ENTER YOUR ANSWERS TO 2 DECIMAL PLACES UNLESS THE ANSWER IS A ZERO OR AN INTE-
GER (for example if the answer is 0 you just enter 0 and not 0.00, or if the answer is 2 you enter 2 and not 2.00).

DO NOT INCLUDE ANY UNITS (ie meters, mgs, etc).

PROBABILITIES MUST BE BETWEEN 0 AND 1, SO A 50% CHANCE WOULD CORRESPOND TO A


PROBABILITY OF 0.5.

Introduction
In previous labs, we’ve become familiar with the individual variables contained in the Class_Survey2 data
set. The next step is to understand relations between variables. We determine that there is a correlation
between two variables when knowing something about one of them provides information about the other one.
This is an extremely important concept in statistical analysis, since very often we can’t observe the variable
we are interested on, but other variables that provide information about it are readily available. e.g. the type
of vegetation at a site is likely to provide some information about the presence of certain bird species. In
this lab, we’ll keep using the Class_survey2 data set to illustrate how conditional probability can be used to
determine such relations.
You will find that most of the R code necessary to execute the R commands is provided. This lab is meant to
be practice for you, so even if the code and the output of the code is provided, you are expected to create
your own script, run the pieces of code yourself and check whether the output is what you would expect it to
be. Every now and then, you will be asked to fill in blank pieces of code marked as ---. In addition to “fill
in the code”, you will need to answer other questions for which you must produce plots, run your own code
or explore your data. The questions you need to submit through Vula will appear in the submission boxes.
At any time you might call the function help(), to obtain information from any function you want. E.g. If
you wanted to obtain a description of how the function sample() works, you can at any time type in the
console (bottom left panel in RStudio):
help("sample")

or you can just type:


?sample

You should make it a habit to check the help files of the functions you use for the first time.

1
Start a new R script and import your data
By now, you should already know how to start a new R script in an existing R project and write a few lines
describing what you are going to do. Do this now.
Remember to add a line to clean your working environment and one to double check that your working
directory is correct.
Now, read into R the Class_Survey2 data set and check that it has been read correctly by using the functions:
head(), summary(), etc. We will assume that you named the data frame containing your data classData
and this is how we will refer to it during the lab.
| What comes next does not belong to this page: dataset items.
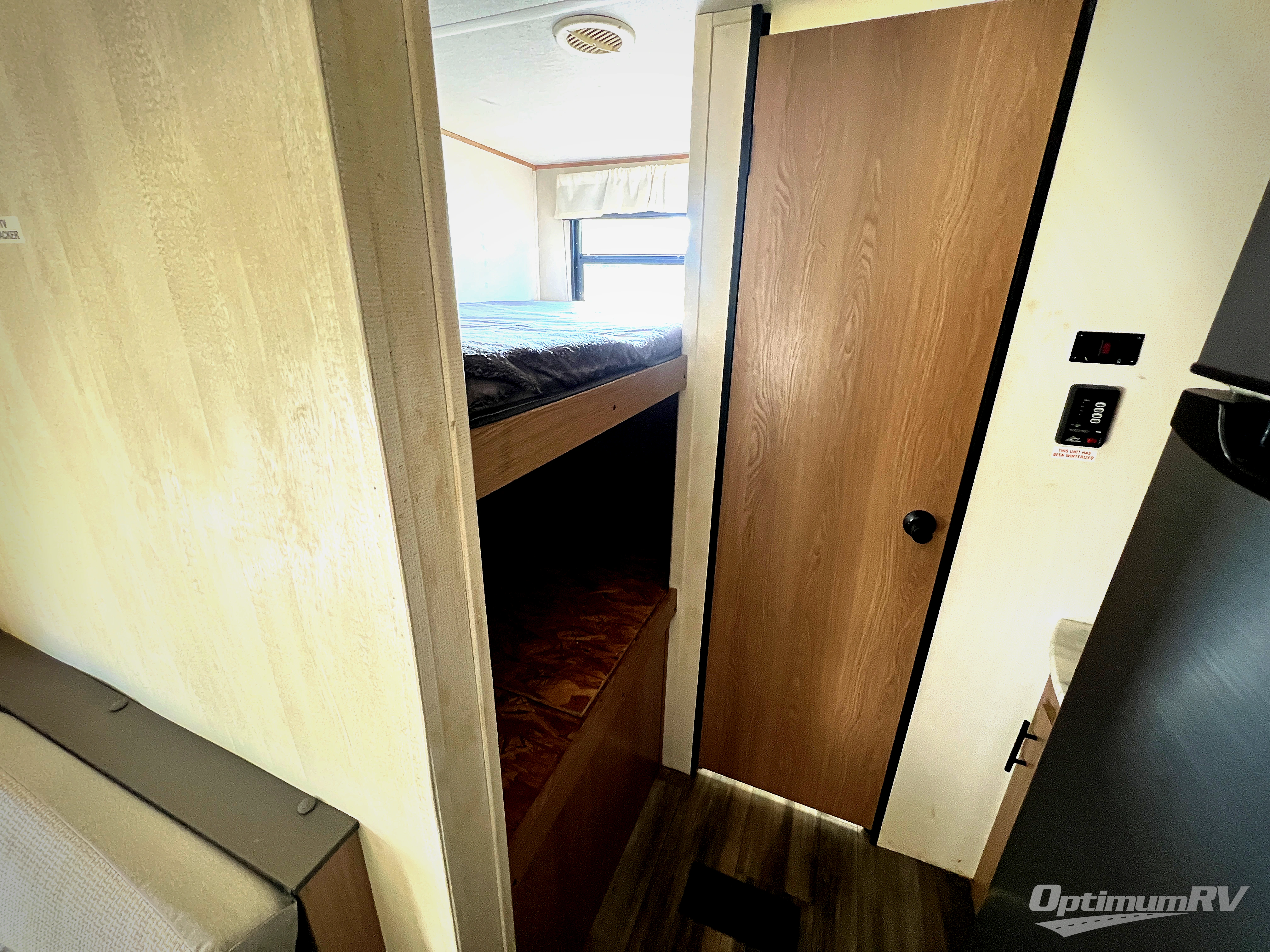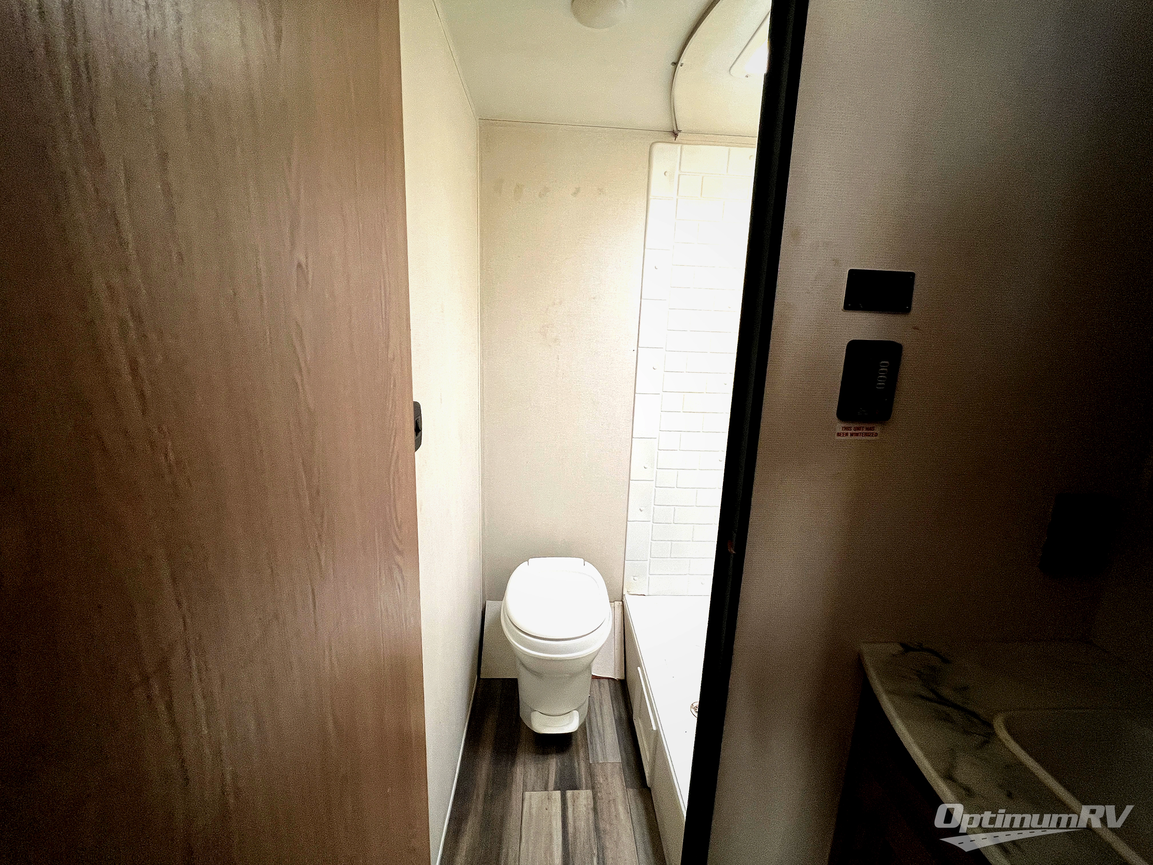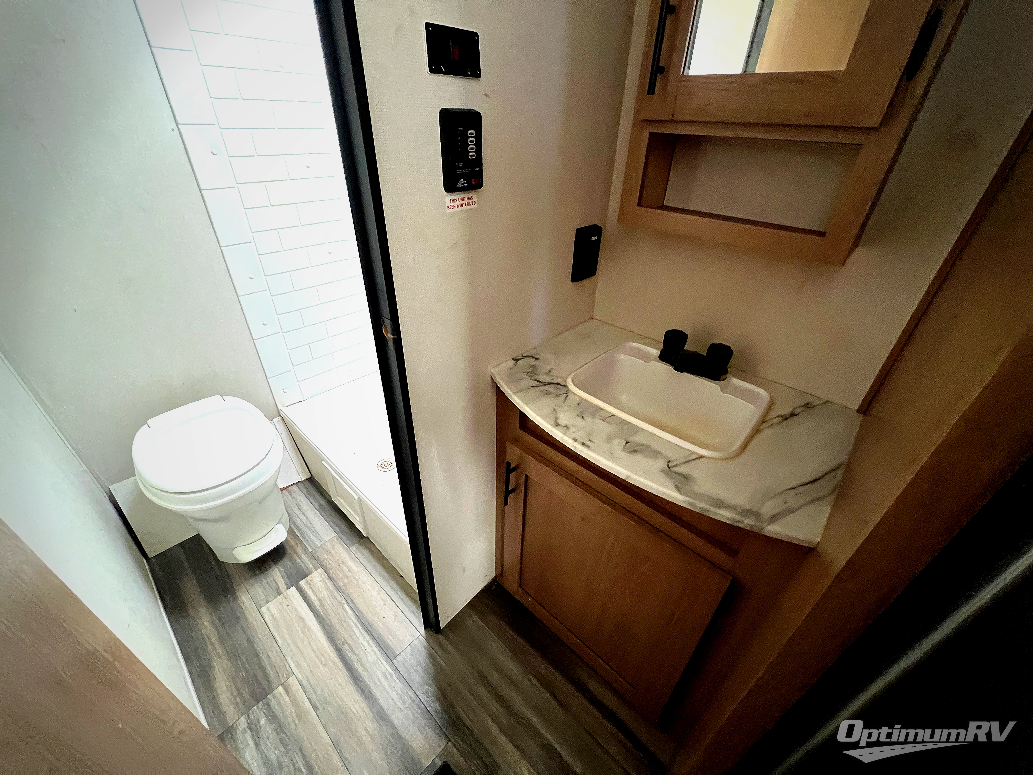 The cook is going to enjoy having choices for every meal, whether to use the full kitchen amenities inside or the outdoor kitchen while visiting with others relaxing under the 13' power awning. With the inclusion of a walk-around queen bed in the front bedroom, plus the sofa and booth dinette in the combined kitchen and living area, and the double-size bunks next to the bathroom sink and private toilet and toilet room, there is plenty of room to sleep eight or nine people each night. And the power awnings plus outdoor speakers give you an additional living area for everyone.
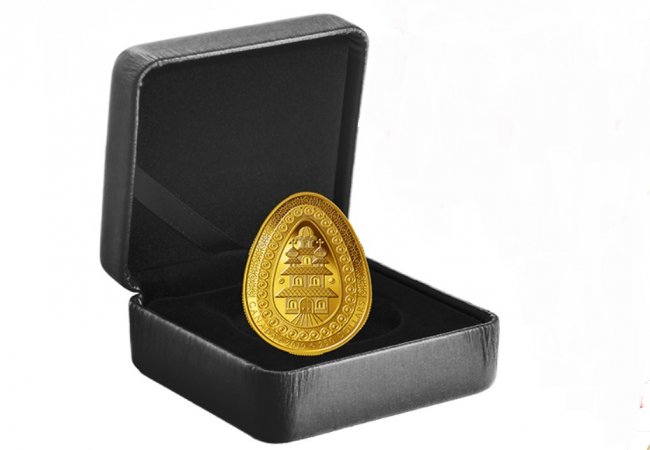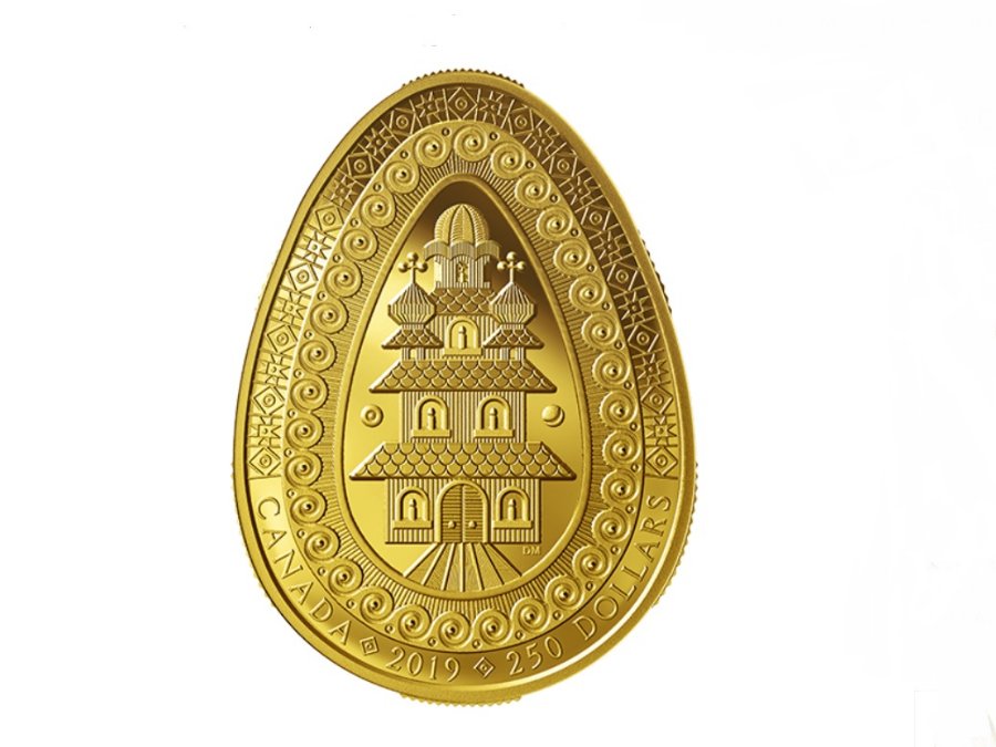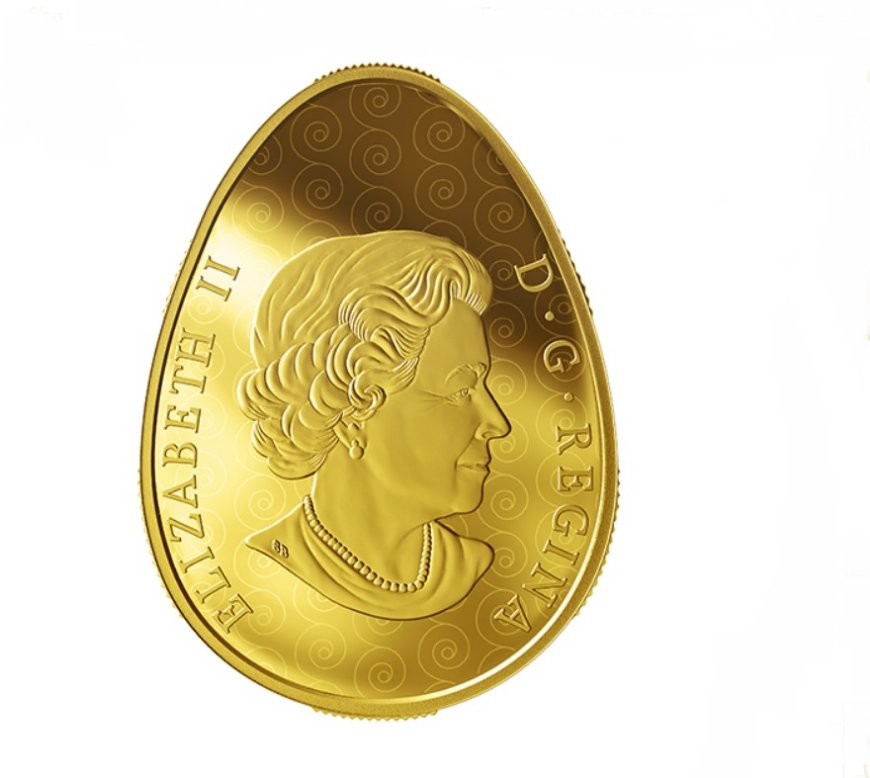 Монета у формі пасхального яйця, випущена Королівським монетним двором Канади, зроблена з чистого золота. Її вага 58,5 г. Номінальна вартість монети 250 канадських доларів, це 5053 гривень.
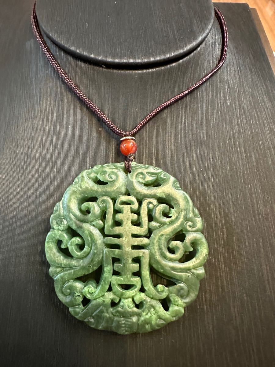 - K-586 天然玉石 古玉 老玉 玉壁 河磨玉 玉佩 ペンダント 風水

It is perfectly fine if you want to call it something else, you
will just need to adapt your code accordingly.
Remember to save your script frequently!

Contingency tables
Remember that in the previous lab, we used the function table() to obtain the frequency of the different
levels of our quantitative variables. This is, how many observations of each level we have in our data frame.
We are now going to use the function table() to cross-tabulate some of the categorical variables. We just
need to pass on an extra argument to the function table(). To explain how this works, let’s see how many
male STA1007S students have blue eyes.
# Produce a table cross-classifying the factors gender and eyes
table(classData$gender, classData$eyes)

##
## Blue Brown Green Hazel Other
## female 27 83 15 8 5
## male 8 39 4 3 1
## No Answer 0 1 0 0 0
## other 1 1 0 0 0
The code above, gives you the cross-tabulation of gender (in the rows) versus eye colour (in the columns). In
other words, it gives you the counts for each combination of factor levels. To answer our question above, we
can now see that there are 8 blue-eyed boys in the class. This type of table is often called a contingency table.

SUBMISSION:
Vula Question 1 How many students in the class have a conservative world view and a tattoo?
Vula Question 2 How many students in the class with a tattoo get 4 or 5 hours of sleep?
Incidentally, the function barplot() will happily accept a table like this and produce a plot.
# Produce a barplot with stacked frequencies of eye colours by gender
barplot(height = table(classData$gender, classData$eyes))

2
100 120
80
60
40
20
0

Blue Brown Green Hazel Other


Life is good. . . The function barplot understands that you want to stack the frequencies in the second row,
on top of the frequencies in the first row. However, you will need to work on it a little bit to produce an
informative legend. We won’t cover this now.
Frequencies are good to start with; however, one often wants to know the proportion of cases that fall into
each group, rather than the absolute numbers. For example, we might want to know what the proportion of
females with hazel eyes is. To obtain a table with proportions in R, we need the function prop.table().
prop.table(), as you may see in its help file, needs a table as input. We could do this in one step, like we
did with the function barplot(), but let’s now do it in two steps: first we create an object, say gender.eyes
and we assign to it a contingency table, like the one we just produced. Then, we pass on this object as an
argument to the prop.table() function.
# Create an object with a table cross-classifying the factors gender and eyes
gender.eyes <- table(classData$gender, classData$eyes)

# Produce a table with proportions of the same crossed factors


prop.table(gender.eyes)

##
## Blue Brown Green Hazel Other
## female 0.137755102 0.423469388 0.076530612 0.040816327 0.025510204
## male 0.040816327 0.198979592 0.020408163 0.015306122 0.005102041
## No Answer 0.000000000 0.005102041 0.000000000 0.000000000 0.000000000
## other 0.005102041 0.005102041 0.000000000 0.000000000 0.000000000
The first line of code above shows you, once more, that we can create an object with the output of virtually
any function in R. We can then retrieve that output any time we need it in the future, by just calling this
object. Usually, we do this when we anticipate that we will be using the object we’ve created several times.
If it is going to be a once-off call, then is preferable not to create extra objects that end up cluttering our
working environment.
If you decided to go the once-off way, you would need to nest the function table() inside the function
prop.table(). We’ve done something similar before. The code would look something like this and it would
produce the exact same output:
# Produce a table with proportions of the same crossed factors
prop.table(table(classData$gender, classData$eyes))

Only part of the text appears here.